Task requirements
Each line of the data below between the one containing "En substance le" and the one containing "High-precision AC current", both included, is to be repeated exactly. Please omit pictures.

Records to process
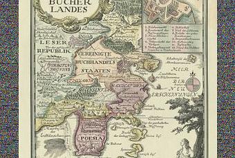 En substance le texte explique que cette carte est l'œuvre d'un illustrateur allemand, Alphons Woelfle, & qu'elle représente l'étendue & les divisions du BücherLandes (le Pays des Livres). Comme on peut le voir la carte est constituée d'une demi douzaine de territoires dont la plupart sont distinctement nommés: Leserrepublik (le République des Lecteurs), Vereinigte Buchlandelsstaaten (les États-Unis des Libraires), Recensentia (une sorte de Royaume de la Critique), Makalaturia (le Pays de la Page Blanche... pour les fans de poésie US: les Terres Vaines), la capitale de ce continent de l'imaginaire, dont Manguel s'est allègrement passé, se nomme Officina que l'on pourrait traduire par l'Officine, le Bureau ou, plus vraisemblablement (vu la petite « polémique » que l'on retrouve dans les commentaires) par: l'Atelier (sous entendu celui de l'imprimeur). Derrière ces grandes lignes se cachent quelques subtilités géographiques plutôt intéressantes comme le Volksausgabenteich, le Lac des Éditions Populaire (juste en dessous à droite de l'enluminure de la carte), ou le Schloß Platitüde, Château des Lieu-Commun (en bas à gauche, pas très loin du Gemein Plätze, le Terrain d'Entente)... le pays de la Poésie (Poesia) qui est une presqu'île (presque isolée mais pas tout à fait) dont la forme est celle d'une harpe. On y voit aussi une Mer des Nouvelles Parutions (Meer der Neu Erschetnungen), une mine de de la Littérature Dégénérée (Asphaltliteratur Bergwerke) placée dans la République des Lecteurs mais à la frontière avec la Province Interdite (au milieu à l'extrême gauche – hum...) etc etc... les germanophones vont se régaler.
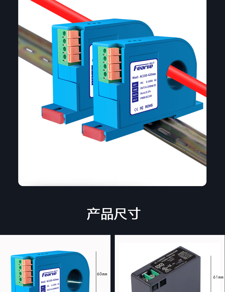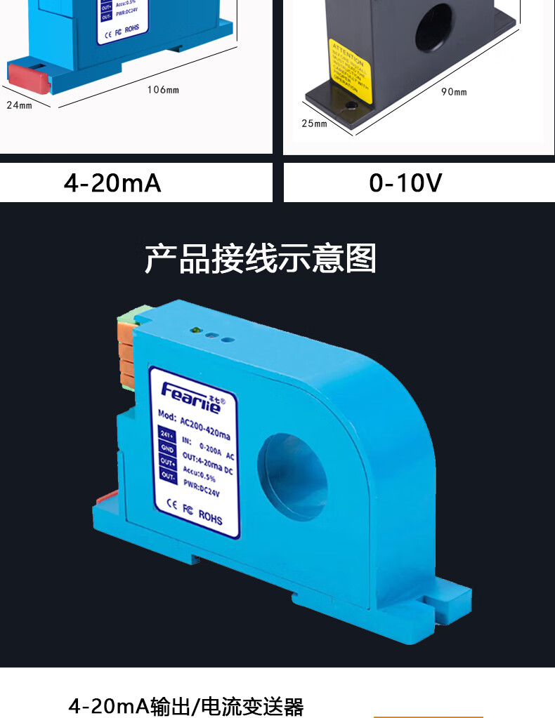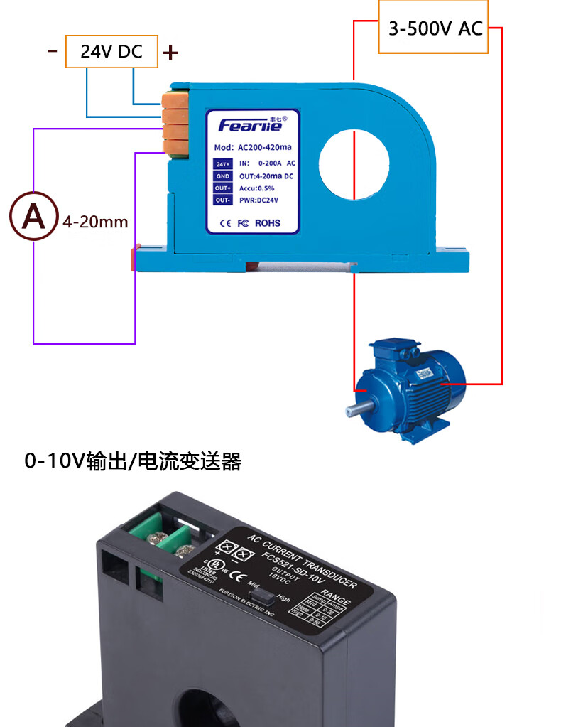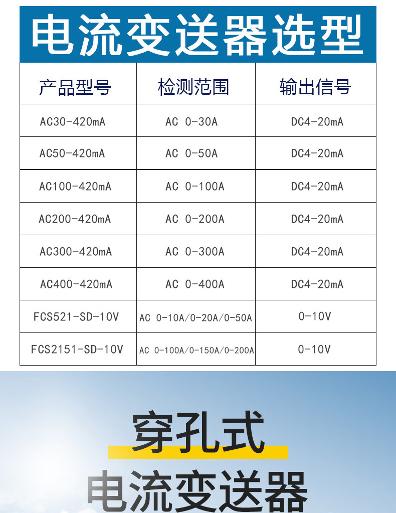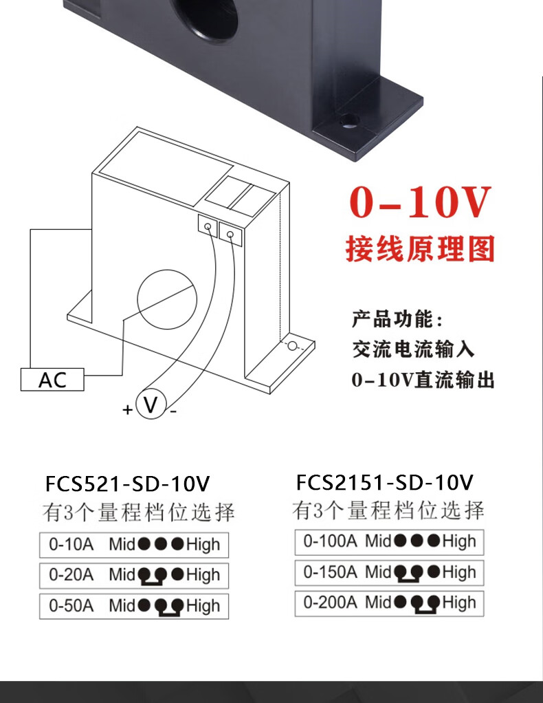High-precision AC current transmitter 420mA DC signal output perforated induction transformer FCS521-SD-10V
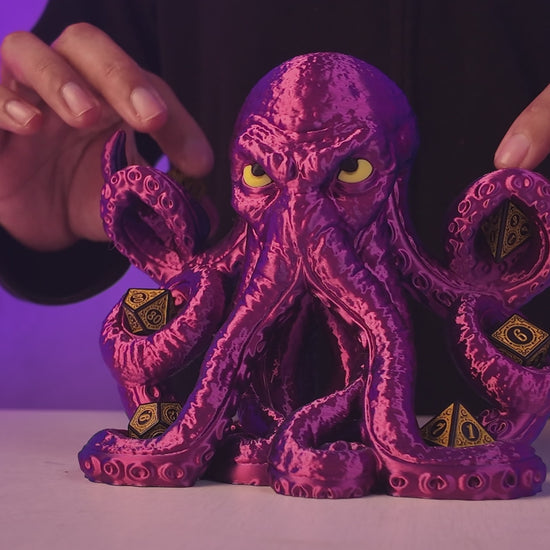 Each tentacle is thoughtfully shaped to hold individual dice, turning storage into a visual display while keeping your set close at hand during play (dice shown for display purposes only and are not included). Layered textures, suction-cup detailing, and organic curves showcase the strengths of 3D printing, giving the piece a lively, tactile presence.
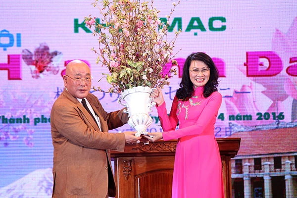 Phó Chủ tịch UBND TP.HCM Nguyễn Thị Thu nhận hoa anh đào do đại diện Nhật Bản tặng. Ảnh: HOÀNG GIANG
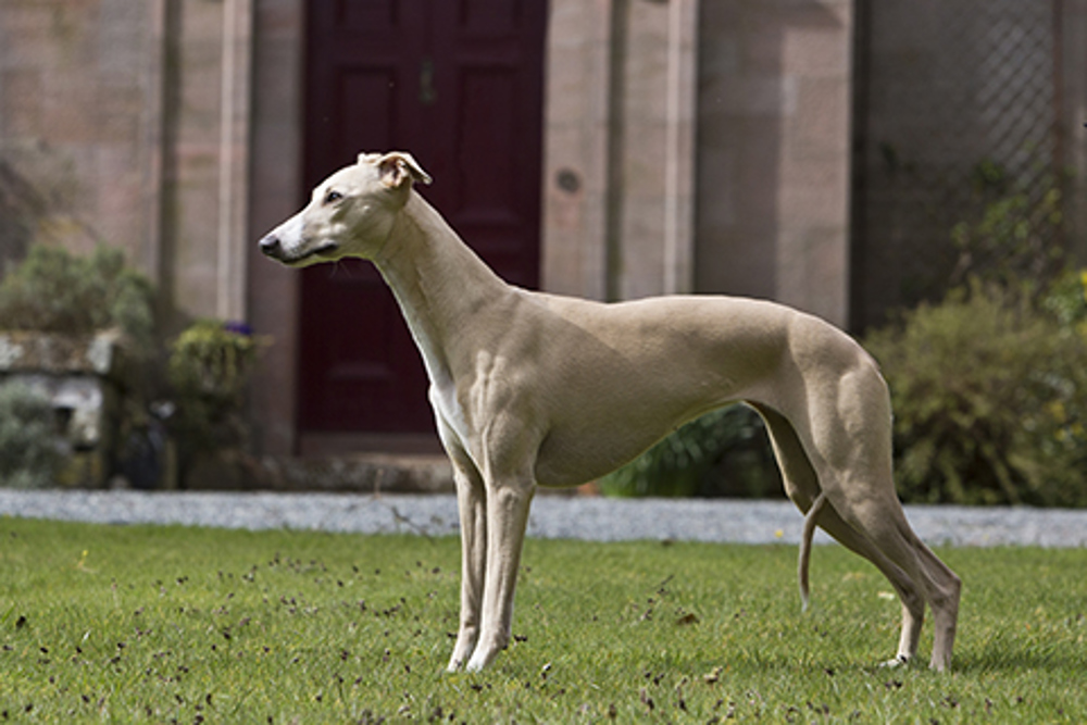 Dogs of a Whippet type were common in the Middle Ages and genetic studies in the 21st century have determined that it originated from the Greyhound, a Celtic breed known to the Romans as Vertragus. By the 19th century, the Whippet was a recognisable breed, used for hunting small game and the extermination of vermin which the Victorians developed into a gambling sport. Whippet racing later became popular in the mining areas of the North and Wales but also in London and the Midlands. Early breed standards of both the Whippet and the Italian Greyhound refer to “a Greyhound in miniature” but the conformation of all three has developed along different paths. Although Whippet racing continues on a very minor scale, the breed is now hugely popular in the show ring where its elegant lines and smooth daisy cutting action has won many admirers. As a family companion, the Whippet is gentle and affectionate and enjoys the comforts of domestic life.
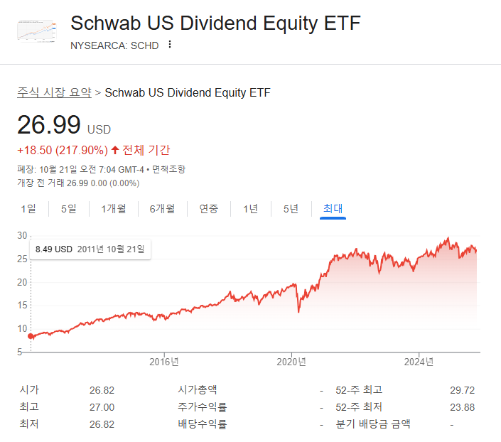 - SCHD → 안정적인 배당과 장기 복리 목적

* * *

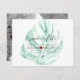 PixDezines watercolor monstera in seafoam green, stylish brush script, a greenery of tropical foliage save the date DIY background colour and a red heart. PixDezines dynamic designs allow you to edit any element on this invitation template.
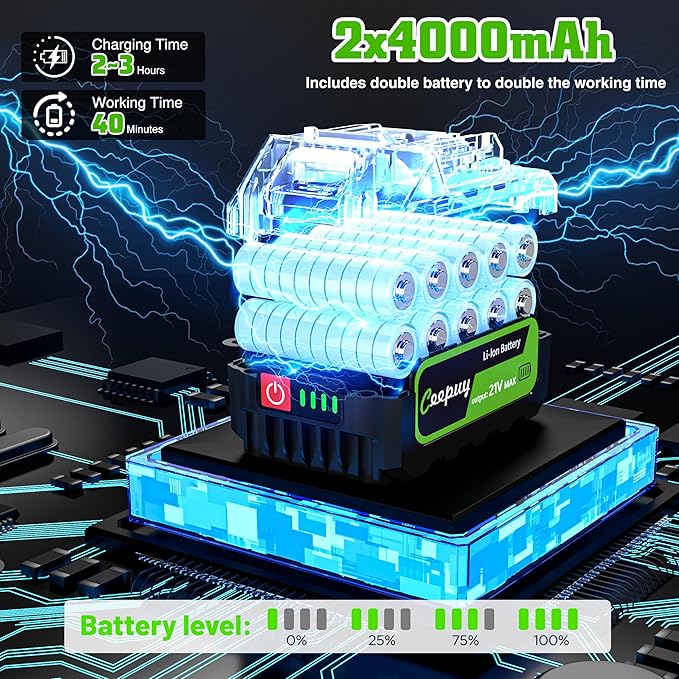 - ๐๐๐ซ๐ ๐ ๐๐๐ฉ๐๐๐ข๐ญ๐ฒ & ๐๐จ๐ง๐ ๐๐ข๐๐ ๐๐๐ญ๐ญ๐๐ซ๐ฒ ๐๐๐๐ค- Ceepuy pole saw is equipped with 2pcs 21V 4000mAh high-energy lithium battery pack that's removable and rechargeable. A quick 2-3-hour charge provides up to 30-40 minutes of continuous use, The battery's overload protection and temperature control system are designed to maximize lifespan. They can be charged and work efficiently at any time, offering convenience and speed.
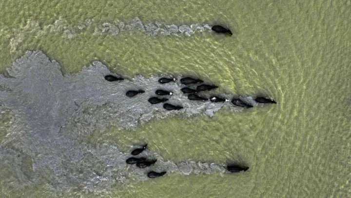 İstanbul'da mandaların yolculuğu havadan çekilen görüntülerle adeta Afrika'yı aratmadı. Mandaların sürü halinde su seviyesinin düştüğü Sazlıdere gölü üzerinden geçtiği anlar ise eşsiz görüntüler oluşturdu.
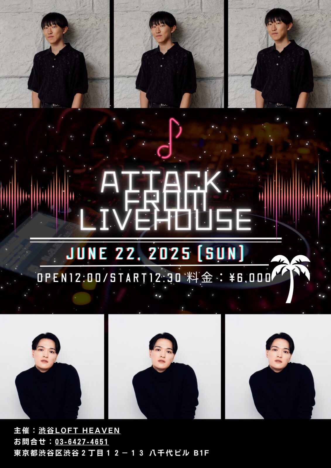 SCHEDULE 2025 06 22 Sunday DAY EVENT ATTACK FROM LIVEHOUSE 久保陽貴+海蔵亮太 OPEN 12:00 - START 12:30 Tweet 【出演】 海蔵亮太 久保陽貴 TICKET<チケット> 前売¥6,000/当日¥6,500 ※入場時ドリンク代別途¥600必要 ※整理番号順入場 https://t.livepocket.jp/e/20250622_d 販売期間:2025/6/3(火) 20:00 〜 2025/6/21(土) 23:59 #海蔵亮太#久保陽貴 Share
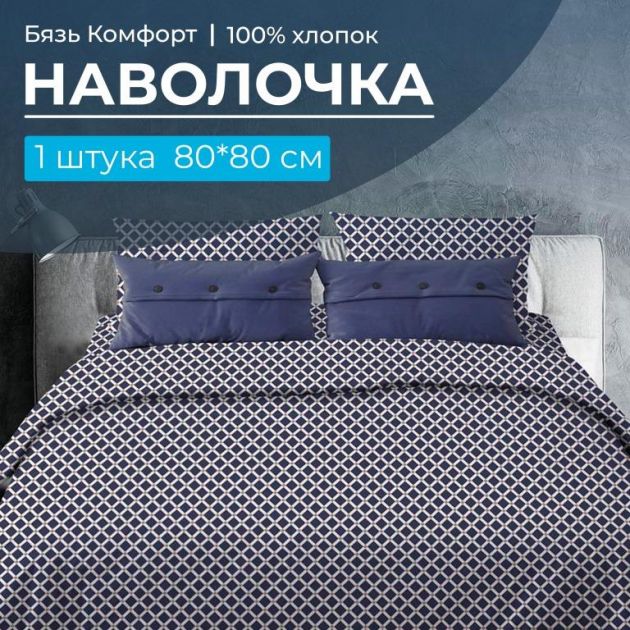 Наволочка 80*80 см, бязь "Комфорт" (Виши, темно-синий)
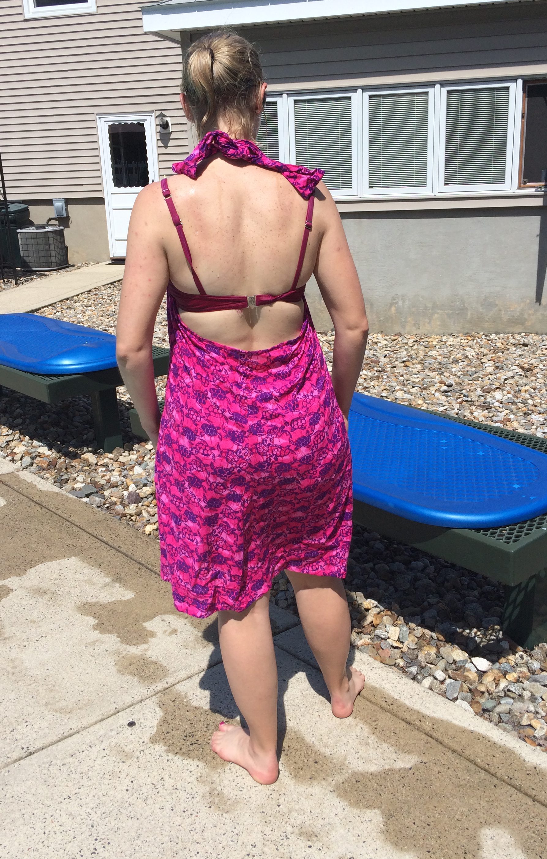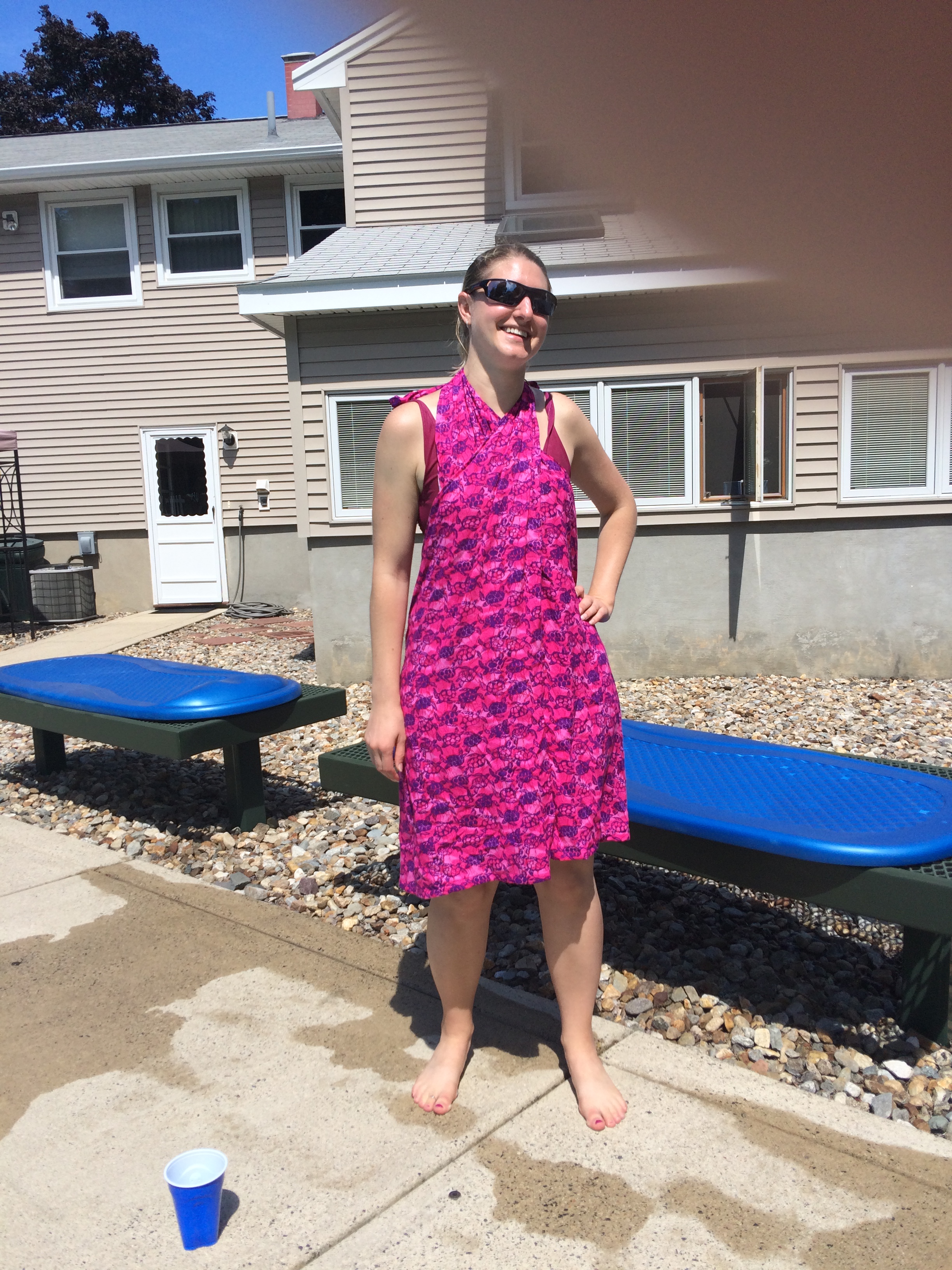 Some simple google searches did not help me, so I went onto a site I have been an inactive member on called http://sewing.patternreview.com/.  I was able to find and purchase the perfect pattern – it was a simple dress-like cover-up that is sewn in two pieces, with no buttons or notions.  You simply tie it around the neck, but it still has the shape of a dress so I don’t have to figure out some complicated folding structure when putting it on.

--

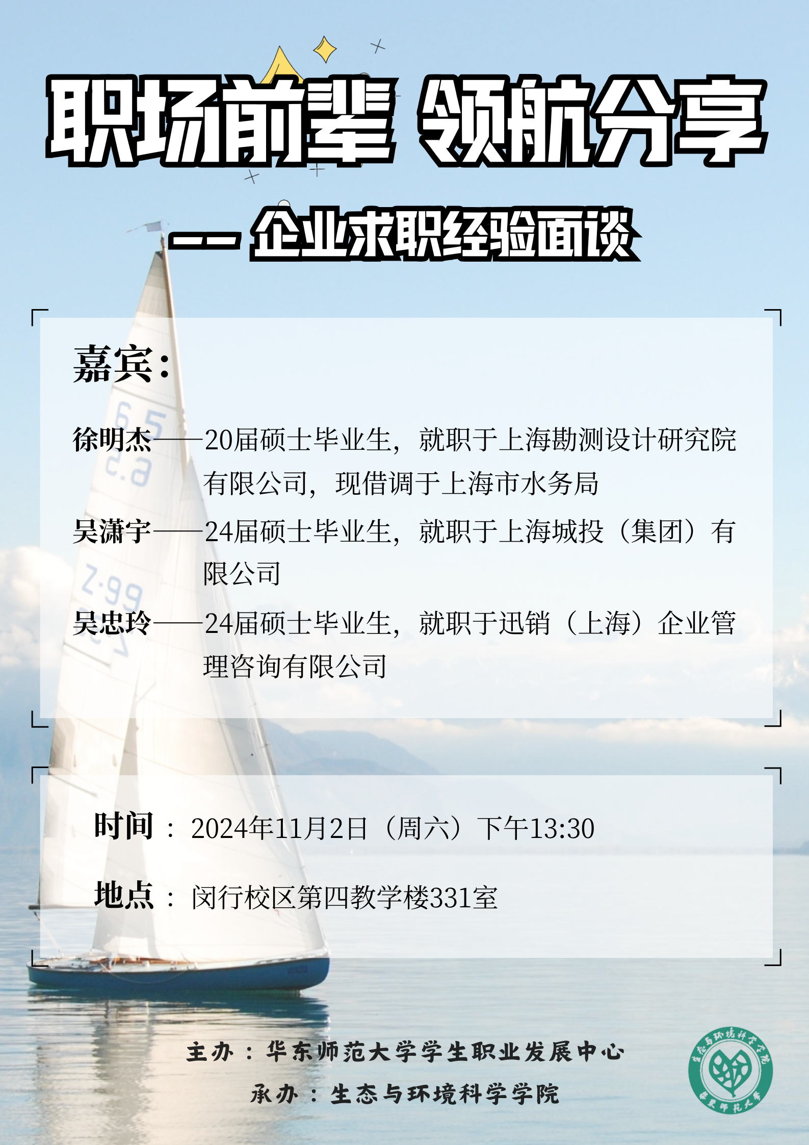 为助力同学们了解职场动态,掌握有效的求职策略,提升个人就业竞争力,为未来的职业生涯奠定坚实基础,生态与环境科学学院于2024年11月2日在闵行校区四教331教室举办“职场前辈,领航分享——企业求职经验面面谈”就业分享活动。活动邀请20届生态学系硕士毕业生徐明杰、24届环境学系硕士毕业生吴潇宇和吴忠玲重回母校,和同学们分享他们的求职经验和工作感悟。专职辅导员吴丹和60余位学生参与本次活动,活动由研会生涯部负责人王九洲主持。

Answer section
 En substance le texte explique que cette carte est l'œuvre d'un illustrateur allemand, Alphons Woelfle, & qu'elle représente l'étendue & les divisions du BücherLandes (le Pays des Livres). Comme on peut le voir la carte est constituée d'une demi douzaine de territoires dont la plupart sont distinctement nommés: Leserrepublik (le République des Lecteurs), Vereinigte Buchlandelsstaaten (les États-Unis des Libraires), Recensentia (une sorte de Royaume de la Critique), Makalaturia (le Pays de la Page Blanche... pour les fans de poésie US: les Terres Vaines), la capitale de ce continent de l'imaginaire, dont Manguel s'est allègrement passé, se nomme Officina que l'on pourrait traduire par l'Officine, le Bureau ou, plus vraisemblablement (vu la petite « polémique » que l'on retrouve dans les commentaires) par: l'Atelier (sous entendu celui de l'imprimeur). Derrière ces grandes lignes se cachent quelques subtilités géographiques plutôt intéressantes comme le Volksausgabenteich, le Lac des Éditions Populaire (juste en dessous à droite de l'enluminure de la carte), ou le Schloß Platitüde, Château des Lieu-Commun (en bas à gauche, pas très loin du Gemein Plätze, le Terrain d'Entente)... le pays de la Poésie (Poesia) qui est une presqu'île (presque isolée mais pas tout à fait) dont la forme est celle d'une harpe. On y voit aussi une Mer des Nouvelles Parutions (Meer der Neu Erschetnungen), une mine de de la Littérature Dégénérée (Asphaltliteratur Bergwerke) placée dans la République des Lecteurs mais à la frontière avec la Province Interdite (au milieu à l'extrême gauche – hum...) etc etc... les germanophones vont se régaler.
High-precision AC current transmitter 420mA DC signal output perforated induction transformer FCS521-SD-10V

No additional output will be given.